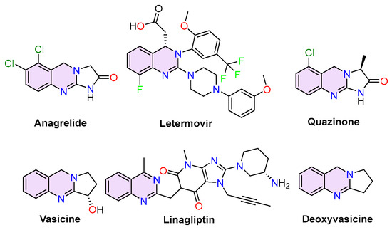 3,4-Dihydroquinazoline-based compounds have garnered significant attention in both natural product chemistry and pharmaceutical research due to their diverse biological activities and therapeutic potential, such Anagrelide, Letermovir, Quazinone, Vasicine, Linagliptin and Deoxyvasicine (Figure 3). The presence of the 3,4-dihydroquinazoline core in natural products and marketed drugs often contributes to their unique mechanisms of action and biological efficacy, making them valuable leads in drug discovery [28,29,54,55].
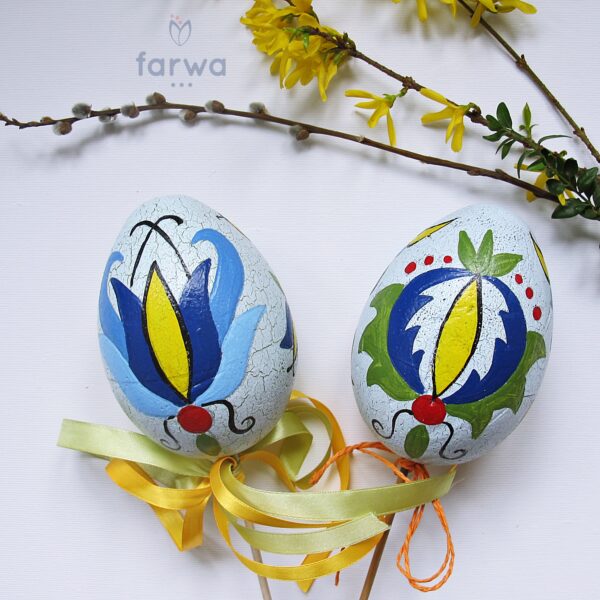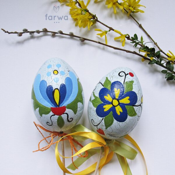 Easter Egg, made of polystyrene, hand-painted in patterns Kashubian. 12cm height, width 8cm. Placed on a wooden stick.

- - -

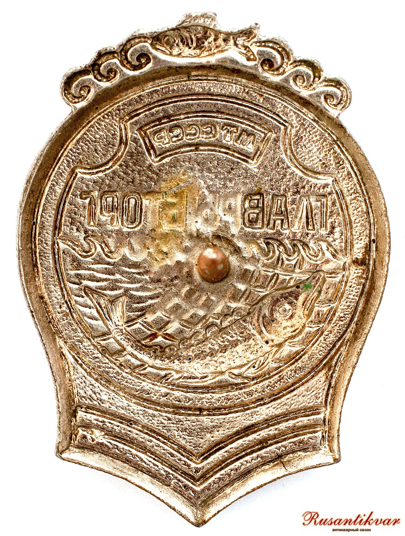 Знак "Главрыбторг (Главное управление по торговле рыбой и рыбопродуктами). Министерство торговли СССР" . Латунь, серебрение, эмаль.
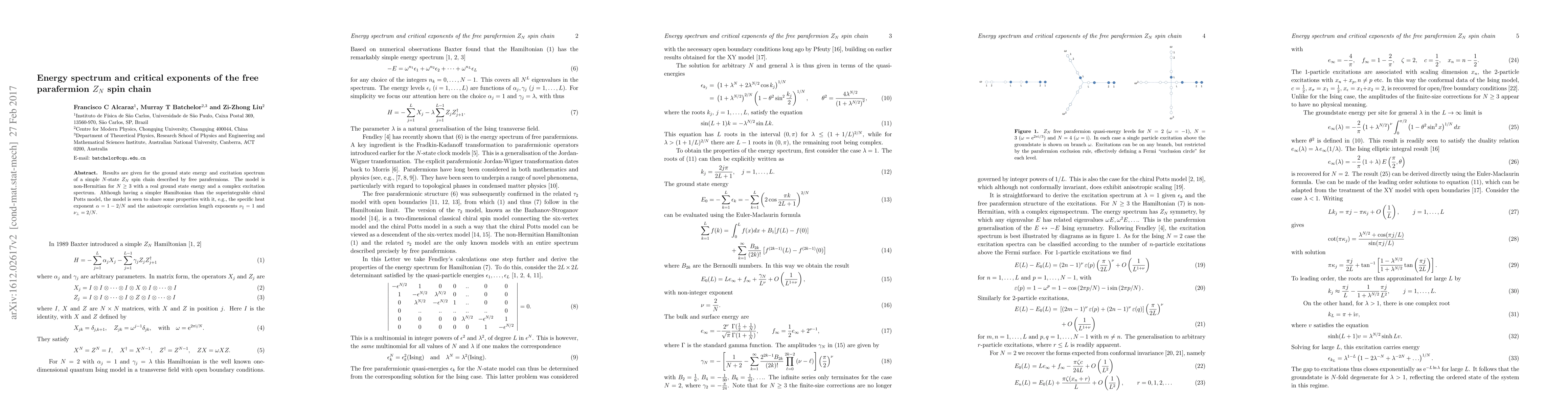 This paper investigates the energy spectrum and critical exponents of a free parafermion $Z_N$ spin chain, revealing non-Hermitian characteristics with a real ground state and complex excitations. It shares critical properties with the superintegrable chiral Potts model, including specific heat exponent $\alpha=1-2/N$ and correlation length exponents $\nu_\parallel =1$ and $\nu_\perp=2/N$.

- - -

* **DIRECTIONS FOR THIS TASK**:
Go back to the listing above and write out the lines starting at the one with "3,4-Dihydroquinazoline-based compounds have" and ending at the one with "Easter Egg, made", inclusive, exactly and without pictures.

* **TASK RESULT**:
 3,4-Dihydroquinazoline-based compounds have garnered significant attention in both natural product chemistry and pharmaceutical research due to their diverse biological activities and therapeutic potential, such Anagrelide, Letermovir, Quazinone, Vasicine, Linagliptin and Deoxyvasicine (Figure 3). The presence of the 3,4-dihydroquinazoline core in natural products and marketed drugs often contributes to their unique mechanisms of action and biological efficacy, making them valuable leads in drug discovery [28,29,54,55].
 Easter Egg, made of polystyrene, hand-painted in patterns Kashubian. 12cm height, width 8cm. Placed on a wooden stick.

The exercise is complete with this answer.